Localizzazione dei valori numerici in Java Stampa
Scritto da Enrico Battuello   
Domenica 17 Ottobre 2010 18:40

Uno dei problemi più comuni che si possono incontrare quando si lavora su applicazioni web o client-server di portata internazionale, che hanno a che fare con valori numerici, è la gestione dei formati tipici della lingua a cui appartiene l'utente che sta utilizzando l'applicazione.

Per intenderci vediamo un esempio.

Supponiamo che la X-Bank sia una banca presente in diversi stati e che, tra le sue filiali, ci siano anche una filiale di Roma ed una filiale di New York.

Per chi non lo sapesse l'Italia e gli Stati Uniti, pur adottando fondamentalmente la medesima notazione numerica araba, utilizzano una rappresentazione differente (praticamente invertita) dei separatori decimali e di quelli delle migliaia.

 

Ad esempio la rappresentazione del numero “mille-duecento-cinquanta-quattro-virgola-trenta-cinque” che in Italia (IT) risulta essere (con o senza separatore delle migliaia):

 

1.254,35  o  1254,35

 

negli Stati Uniti (US) diventa “mille-duecento-cinquanta-quattro-punto-trenta-cinque” ossia (con o senza separatore delle migliaia):

 

1,254.35  o  1254.35

 

Ora vi chiederete, ma questo cosa significa?

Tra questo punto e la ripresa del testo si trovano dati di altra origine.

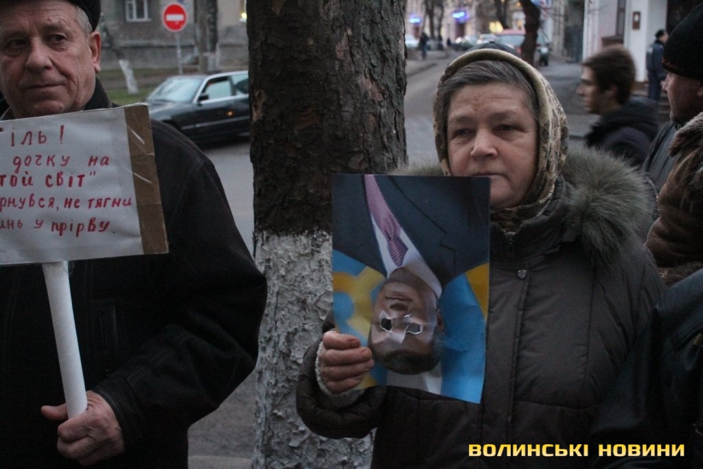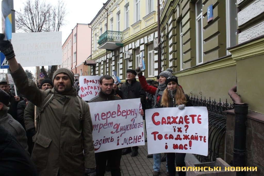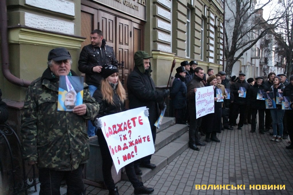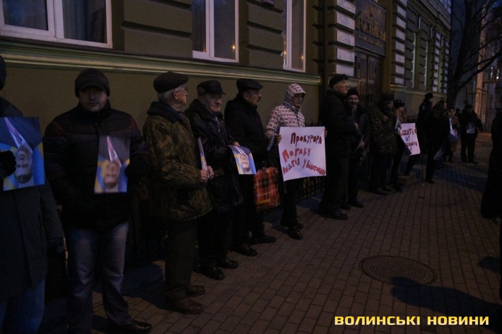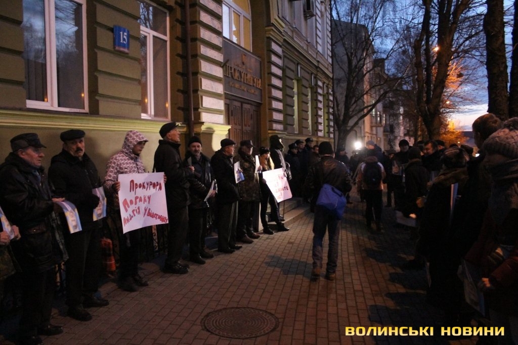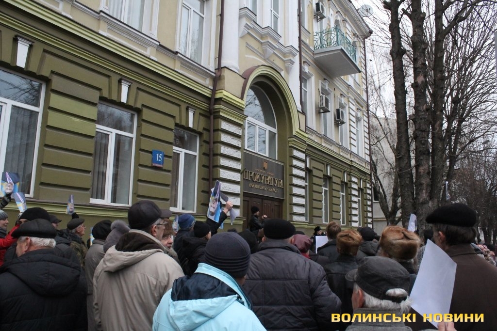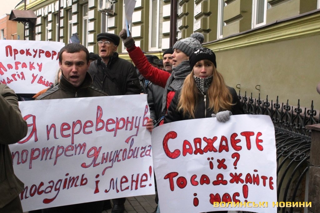 Десятки лучан пікетували будівлю прокуратури Волинської області та міста Луцька на знак протесту проти політичних репресій на Волині. Акція розпочалася о 7.30 23 грудня. Поблизу парадного входу у будівлю мітингувальники зібралися з перевернутими портретами Януковича та банерами з гаслами.

Quali conseguenze comporta ?
Ebbene le risposte a queste domande sono tanto veloci quanto evidenti.

 

  1. Il medesimo programma dovrà ricevere gli importi in modo (formato) differente a seconda che l'operatore sia in Italia o negli Stati Uniti;
  2. Ciascun importo dovrà essere indipendente dal formato utilizzato dall'operatore e, in ogni caso, dovrà denotare lo stesso valore numerico sia che sia stato inserito a New York sia che sia stato inserito a Roma.

 

In poche parole stiamo separando la rappresentazione del numero dal suo valore.

Un'errata gestione della localizzazione avrebbe delle conseguenze piuttosto serie per la nostra banca e per i suoi clienti. Vediamo un esempio:

Un certo cliente newyorkese X-Customer possiede un conto corrente nella nostra banca X-Bank con un saldo del conto pari a: 2,000$ (duemila dollari). Per affari X-Customer viene in Italia e una mattina decide di versare sul proprio conto 1,000$ (mille dollari), frutto di un anticipo ricevuto per un contratto concluso. Per fare il versamento si reca alla filiale di Roma della propria banca. Lo sportellista (italiano) della filiale digita l'importo versato da X-Customer come 1.000 (mille dollari in notazione italiana).

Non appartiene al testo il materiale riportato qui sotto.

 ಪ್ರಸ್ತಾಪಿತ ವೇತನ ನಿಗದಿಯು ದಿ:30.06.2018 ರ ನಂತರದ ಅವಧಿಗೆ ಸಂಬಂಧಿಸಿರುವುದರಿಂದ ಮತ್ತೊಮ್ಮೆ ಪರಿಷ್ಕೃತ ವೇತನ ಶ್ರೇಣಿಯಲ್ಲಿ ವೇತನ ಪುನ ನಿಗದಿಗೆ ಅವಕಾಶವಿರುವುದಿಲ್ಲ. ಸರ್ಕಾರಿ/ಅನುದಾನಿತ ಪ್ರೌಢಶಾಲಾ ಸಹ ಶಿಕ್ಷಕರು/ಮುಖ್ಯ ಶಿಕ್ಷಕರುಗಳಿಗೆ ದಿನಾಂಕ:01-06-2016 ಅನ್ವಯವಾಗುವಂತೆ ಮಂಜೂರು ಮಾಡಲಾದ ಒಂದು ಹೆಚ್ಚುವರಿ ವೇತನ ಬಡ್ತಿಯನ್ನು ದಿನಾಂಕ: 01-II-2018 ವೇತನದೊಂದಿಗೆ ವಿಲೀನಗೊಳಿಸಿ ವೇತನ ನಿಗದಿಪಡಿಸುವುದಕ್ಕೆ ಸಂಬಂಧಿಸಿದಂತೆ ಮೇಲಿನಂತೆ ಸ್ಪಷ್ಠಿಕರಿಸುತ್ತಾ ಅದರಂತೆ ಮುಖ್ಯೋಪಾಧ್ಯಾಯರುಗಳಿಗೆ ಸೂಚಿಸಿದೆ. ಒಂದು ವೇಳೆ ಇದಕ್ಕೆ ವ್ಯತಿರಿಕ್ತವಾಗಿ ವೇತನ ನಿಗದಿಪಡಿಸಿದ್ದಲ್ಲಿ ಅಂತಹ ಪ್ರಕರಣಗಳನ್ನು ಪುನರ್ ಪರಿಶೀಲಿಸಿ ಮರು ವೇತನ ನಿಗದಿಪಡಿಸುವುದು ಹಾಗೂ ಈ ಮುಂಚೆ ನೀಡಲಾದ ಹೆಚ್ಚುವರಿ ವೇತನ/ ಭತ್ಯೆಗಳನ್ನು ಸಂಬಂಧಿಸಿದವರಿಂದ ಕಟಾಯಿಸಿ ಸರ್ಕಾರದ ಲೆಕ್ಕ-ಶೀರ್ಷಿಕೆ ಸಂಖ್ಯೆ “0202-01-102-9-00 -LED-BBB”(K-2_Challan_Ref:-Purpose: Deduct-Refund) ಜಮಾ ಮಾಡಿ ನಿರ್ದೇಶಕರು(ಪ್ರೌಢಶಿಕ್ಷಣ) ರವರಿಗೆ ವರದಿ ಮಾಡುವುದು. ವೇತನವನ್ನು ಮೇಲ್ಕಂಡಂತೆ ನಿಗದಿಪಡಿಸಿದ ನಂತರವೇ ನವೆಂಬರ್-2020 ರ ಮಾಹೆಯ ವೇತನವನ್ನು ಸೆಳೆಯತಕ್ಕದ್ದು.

Se il software non gestisse correttamente la localizzazione ma utilizzasse sempre la notazione americana accadrebbe che il correntista X-Customer troverebbe sul proprio conto un saldo finale di:

 

2,000$ + 1.000$ = 2,001.00$ (duemila-uno-punto-zero dollari)

 

che è ben diverso dai 3,000$ (tremila dollari) attesi.
Il problema sarebbe del tutto inverso in caso di operazione di prelievo.
Capirete bene che la X-Bank non durerebbe un solo giorno con un software del genere.

Vediamo, quindi, una possibile soluzione al problema, tenendo presente che, anche se non è l'unica possibile, almeno è piuttosto semplice da implementare.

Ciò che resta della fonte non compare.